Tuesday, July 8, 2008

beck: the untold story



today, beck hansen, born bek david campbell, sold to us as beck, had a double celebration. now's as good a time as any for me to tell you his secrets.

but first, the auspiciousness of today, july 8th, 2008. cause for celebration #1: beck had his 38th birthday. cause for celebration #2: he released his 12th (or is it 10th? or 8th? it depends on which albums you count) LP, modern guilt. it's great, but i'm too much of a fan to judge it with much objectivity. feel free to read what everyone else thinks. (i'm particularly fond of the rolling stone review.)

and so, with that double-whammy as a time-peg, i figured it was high time to do something i've meant to do for a long, long time: write down what he told me behind closed doors in the autumn of 2006.

mtv has a little sub-division called mtvU, aimed at college students, and they have a show there that they put out periodically, called "my shot with..." it's pretty simple: they give college kids the chance to interview their pop-culture idols. in 2006, with the information hot off the presses, the high lords of mtv sent word out to beck fans that they could sit on the interview couch with mr. hansen. i applied, went through several vetting processes, and got the gig.

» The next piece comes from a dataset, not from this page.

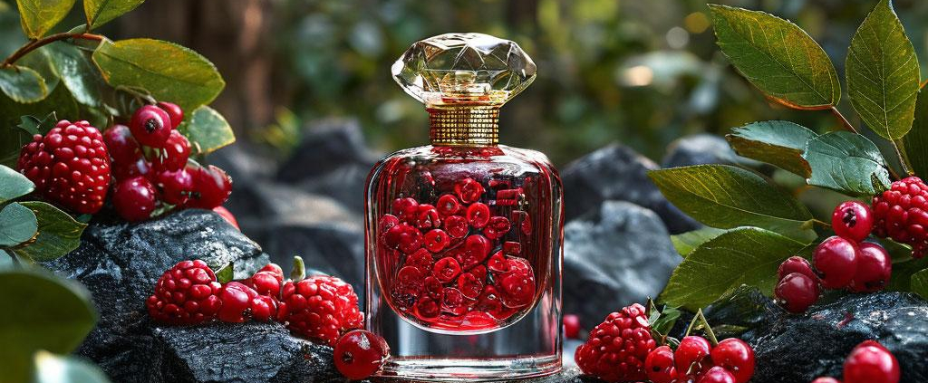 A vibrant perfume bottle rests on dark stones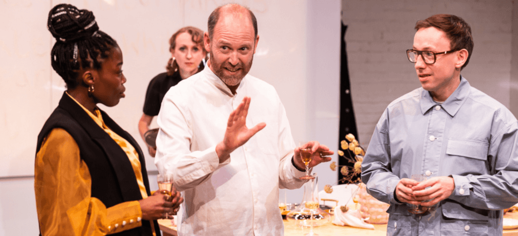 As Charles, Matthew Pidgeon creates a good balance between palm-clasping sincerity and aggressive defensiveness lying just beneath the surface. Kate Copeland’s Virginia is very much the uptight wife who likes to show off her intellect and her family as much as she hates to be “upstaged”. Nick Blakeley’s take on the know-all art dealer is great – all arrogance and schmooze as he unwittingly helps to unpick layers of ignorance. And as the son, CJ Coleman brilliantly captures the exuberance of youth and the complexities of seeking to support and to be informed without over-stepping. He speaks a lot of sense but also manages to undermine his good intentions with flickers of insulting projection and presumptions along the way. Alex provides a kind of middle ground – a recognition of the need for white people to engage more fully but also a lesson in how to avoid monopolising.

on october 20th of that year, i entered the mtv studios, planted myself on a designated sofa, and after a bit of delay, he entered the room. we talked for about 45 minutes. i can't really describe the rush, but that's not important. if you want a more detailed account of how it all felt, here's a memoir i wrote about it (sans secrets) right after i did the interview, but before it was aired.

here's what mtv aired (sorry for the watermark—it was one of my first dvd rips, back in 2006, and i was using lame freeware):


My Shot With Beck from Abraham Riesman on Vimeo.

(oh also, i've lost a lot of weight since then. don't judge.)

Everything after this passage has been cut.